Because we don’t often talk about long-distance friendships, we are also fairly bad at reacting when things start to change. Nobody told me at 18 that it was probably the last time that I’d be able to cycle to almost every one of my friends’ homes in a day. Nobody told me that at 22 I would have more friends than I’d ever have again. Nobody told me that at 30, organising a trip to the pub might take 17 days to arrange and three different modes of transport. It can feel like a personal failure, like rejection, like betrayal when your friends start to talk about people you’ve never heard of, buy food in shops you’ve never been to, rent homes in cities you’ve never seen. But, of course, it has nothing to do with you. And the good friends will be good friends wherever they are, and whatever they’re doing.

You may grieve losing the cluttered intimacy of house shares, walks to school, swapped jumpers, hangover sofa club, pub lunches and getting ready for nights out in each other’s bedrooms.

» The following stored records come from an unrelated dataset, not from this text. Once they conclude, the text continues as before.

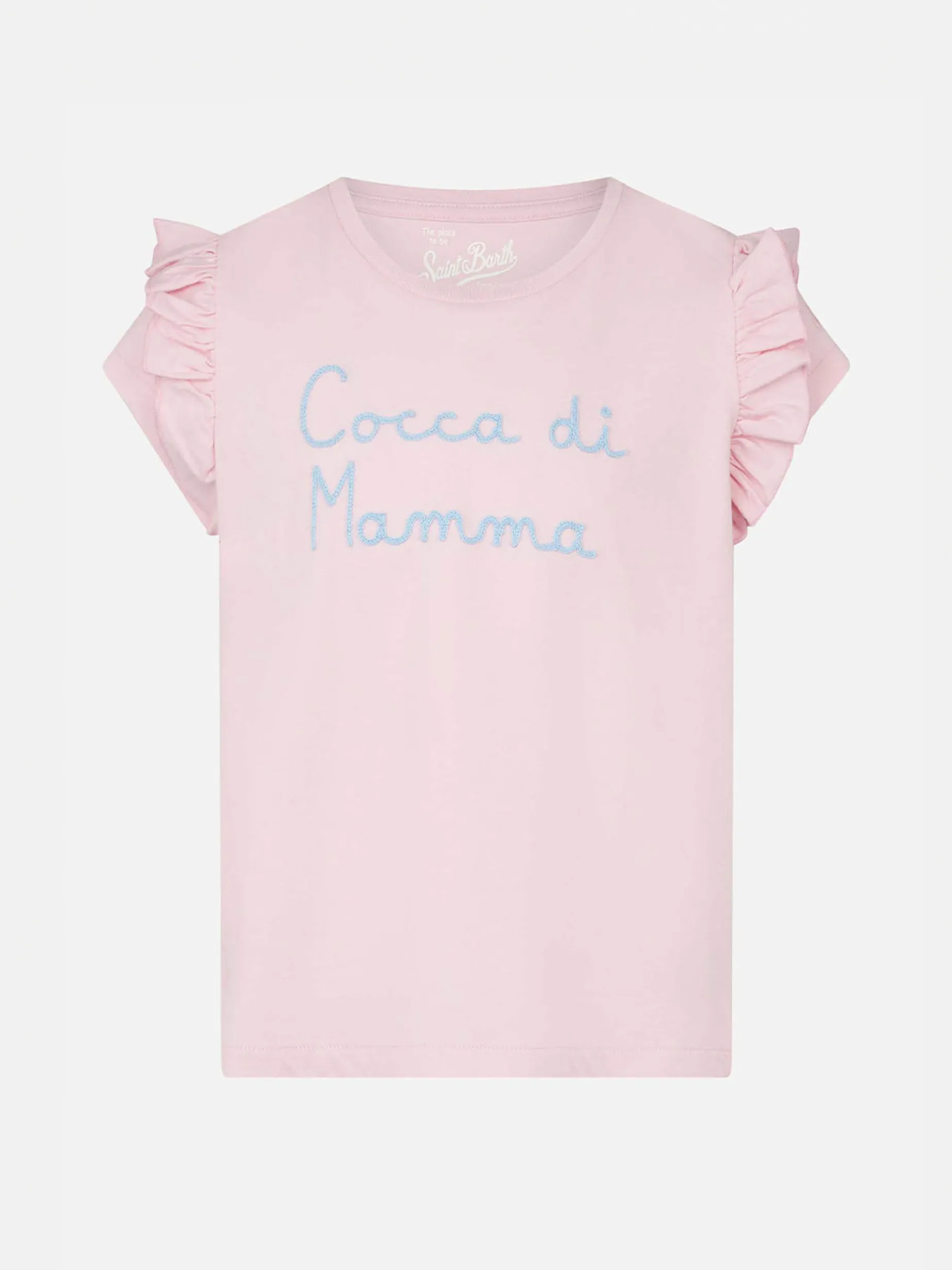 Colore rosa con scritta stampata azzurra Cocca di mamma
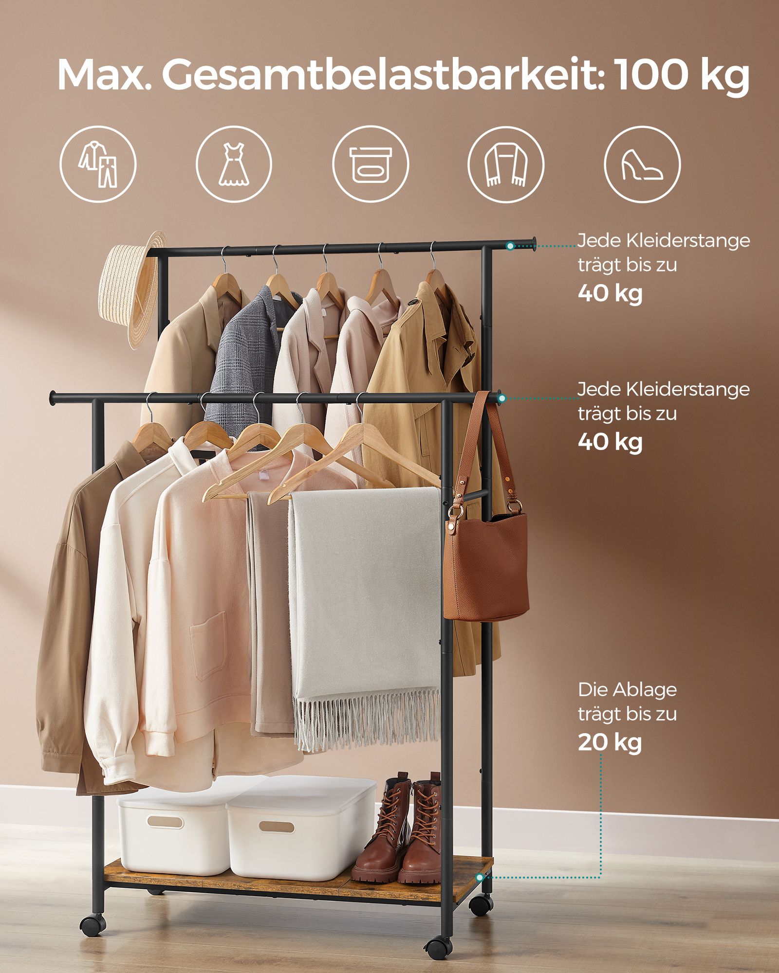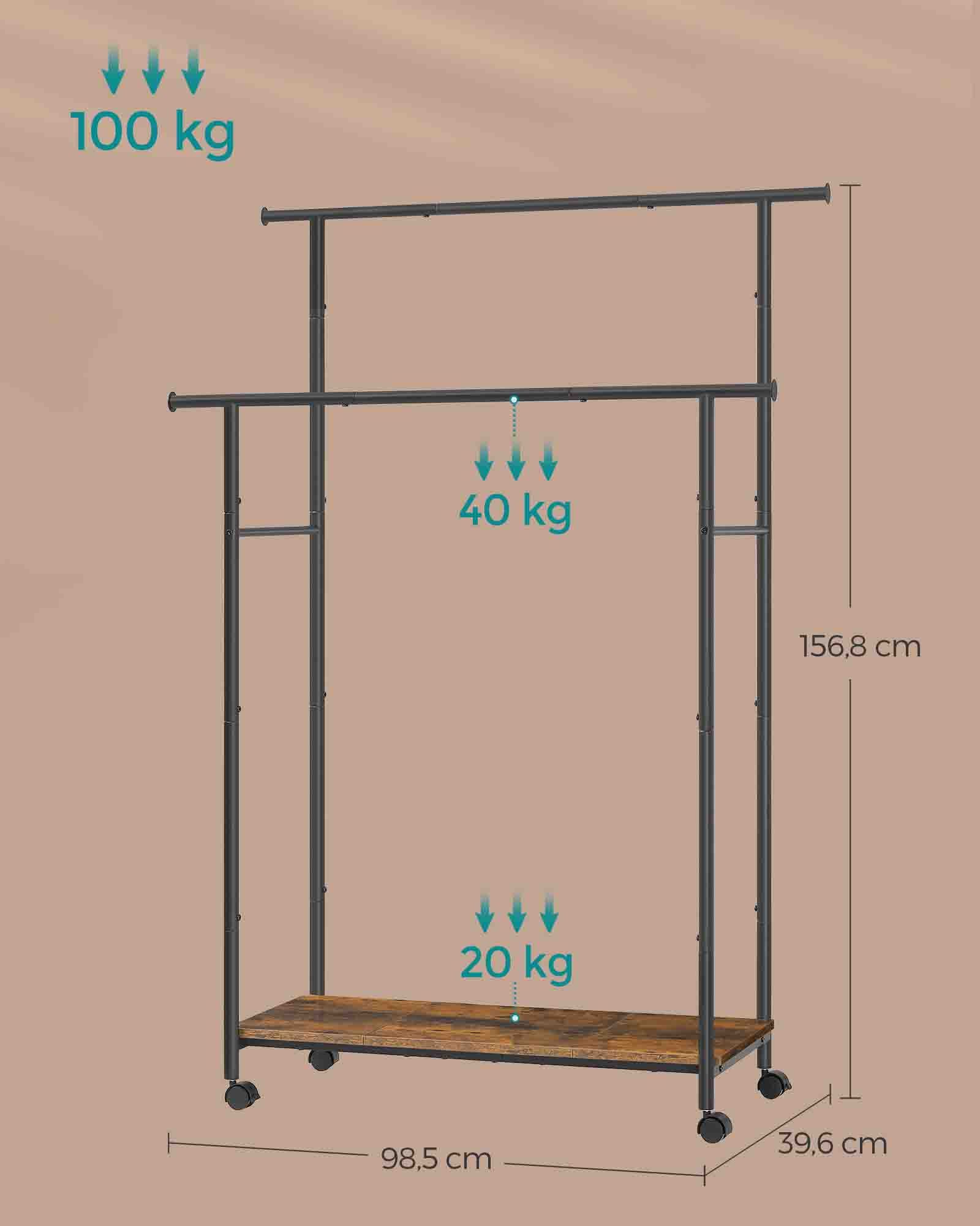 Tøjstativ på hjul med dobbelt bøjlestang og skohylde - garderobestativ med 2 robuste tøjstænger - bæreevne i alt 100 kg - rustik brun 98,5 x 39,6 x 156,8 cm
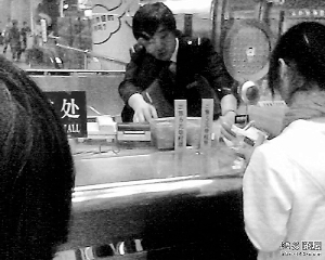 在該帖子中,網(wǎng)友monitorhand貼出了他所拍的照片,一共5張。從照片中看到,在售票窗口內(nèi),一名身穿地鐵工作制服男職工正在為市民辦理業(yè)務(wù)。記者看到,該名員工的右腳擺得很高,右手手臂就墊在右腳的膝蓋上。另外,從照片中可以看到,該名男職工至少在為3名乘客服務(wù)的過(guò)程中保持這種姿勢(shì)。
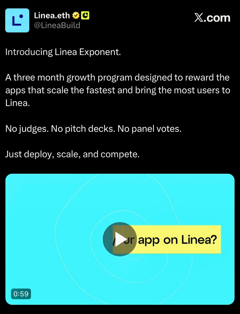 Linea unveiled Linea Exponent a 3 month program with $250k in prize pool for 42 top teams

On the other hand, you may relish the chance to run away to a new town, rent a tiny flat overlooking a supermarket car park, dye your hair, start sleeping with people of a different gender to all your previous partners, change your accent, get a new job and not have to justify any of that to your old friends.

Even though you love them, they formed you, their hobbies and recipes are now your own, you may not see your friends very often. You may be staying at home for 20 hours a day with a toddler and have no time to talk. You may spend your weekends having sex with a new partner, surrounded by toast crumbs. You may have moved to New York to get a better job and be five hours out from your old gang. You are now hopefully keeping two metres away from anyone you don’t directly live with and only leaving the house when absolutely necessary.

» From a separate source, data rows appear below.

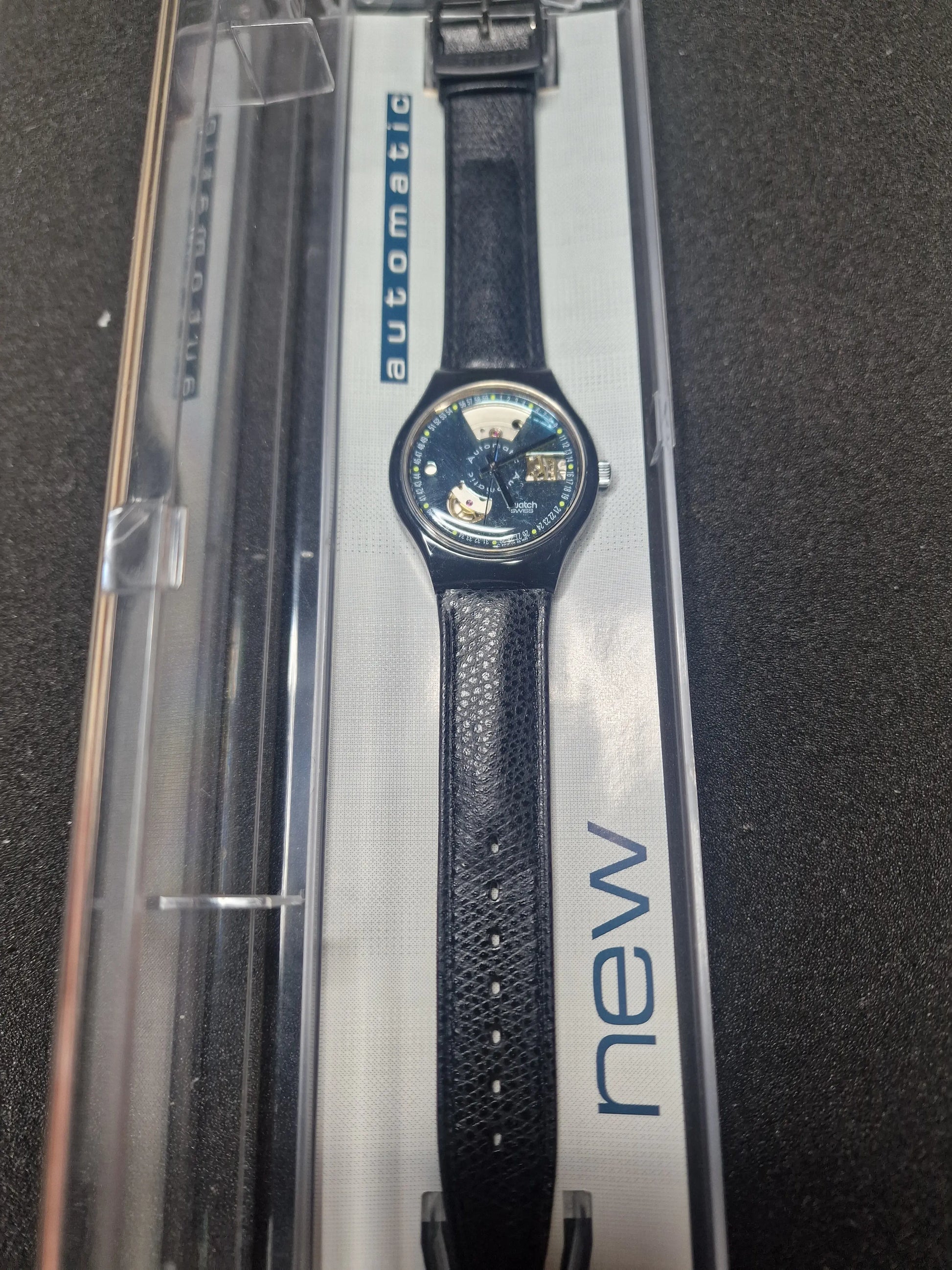 An iconic piece from the very first generation of Swatch Automatic watches (1990–1992). The SAB100 “Black Motion” is one of the most sought-after early automatics, known for its minimalist yet striking skeleton design.
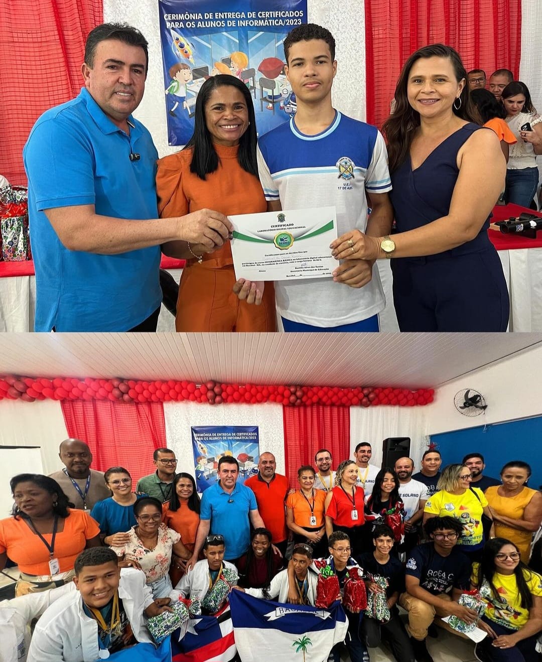 Edvan Brandão compartilhou sua satisfação, afirmando: “Seguimos celebrando conquistas! Hoje entregamos os certificados aos alunos de informática e prestamos homenagem aos campeões nacionais de foguete e robótica. Continuamos investindo e acreditando no potencial transformador da nossa educação.”
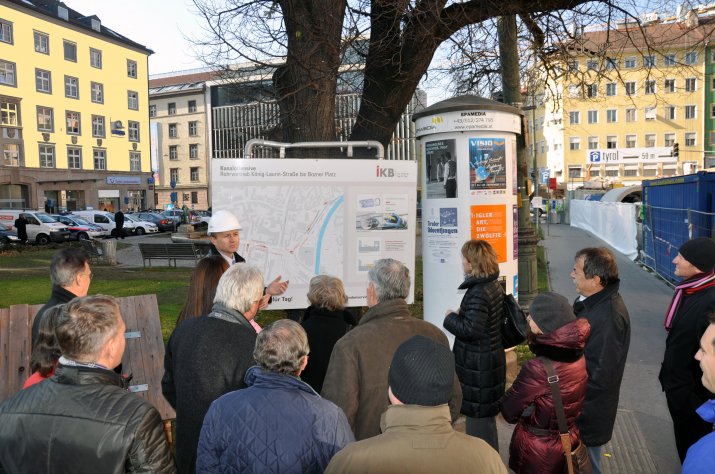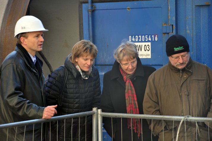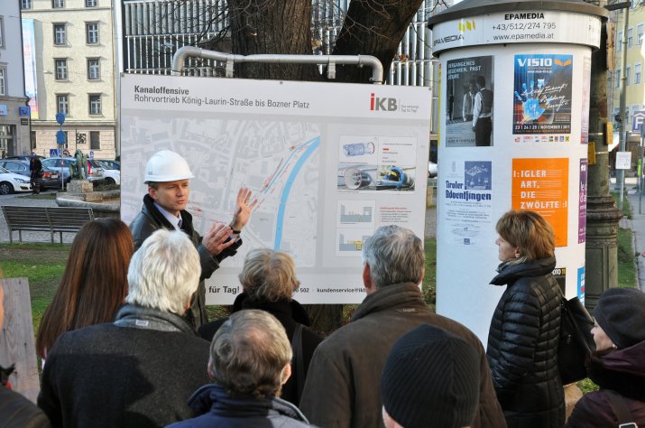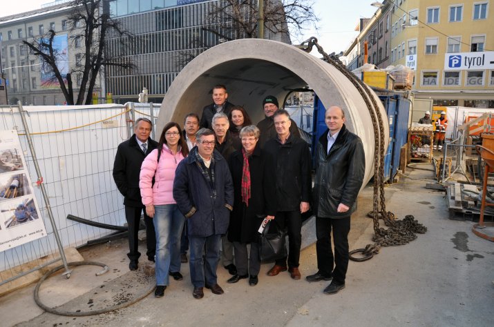 Der unterirdische Kanalvortrieb, der seit Jänner 2011 im Zuge der Kanaloffensive 2020 der Innsbrucker Kommunalbetriebe AG realisiert wird, ist mittlerweile am Bozner Platz angelangt. Um sich von den Bauarbeiten tief unter der Oberfläche selbst ein Bild zu machen, besichtigte Bürgermeisterin Mag.a Christine Oppitz-Plörer mit zahlreichen Mitgliedern des Innsbrucker Gemeinderates am 24. November die Baustelle am Bozner Platz.

'Good friends will be good friends wherever they are, and whatever they’re doing'

But you will reach a time – standing in your bedroom changing your duvet cover, or sitting on the hallway carpet trying to adjust the length of your shoelaces – when you will realise that you haven’t seen your friends for days. Weeks. And when I say ‘seen your friends’ I mean really seen them: seen the unplucked eyebrows and the frayed toothbrushes, the hangnails and the plates of toast for dinner. The realisation that you haven’t breathed the same air as your best friend for weeks will stop you short. Duvet corner in hand, shoelace caught between your fingers, you will just sit. You will stare at the wall. You will miss them.

The romantic, electric relationships of your teens and twenties do not stay that way forever. That is because, even without a global pandemic throwing your social life into a woodchipper, nothing can stay the same forever. However, good friendships can outlive your panic years. The ones where you can listen to your friend spit venom about a toddler that will not go to bed even though you’ve never wanted children yourself; where you remember to check in with the friend struggling to find work before complaining about your job; the ones who know precisely who you mean and how to react when you say that your Great Aunt Molly has moved into a care home; the ones who laugh when you tell them that you’ve found a grey pube; the ones who pretend not to notice the mess.

You cannot smell someone’s hair over Zoom. You cannot rub their back or cook them dinner. You cannot hold their baby or drink their tea. But you can still be friends – you’re just doing the long-distance thing.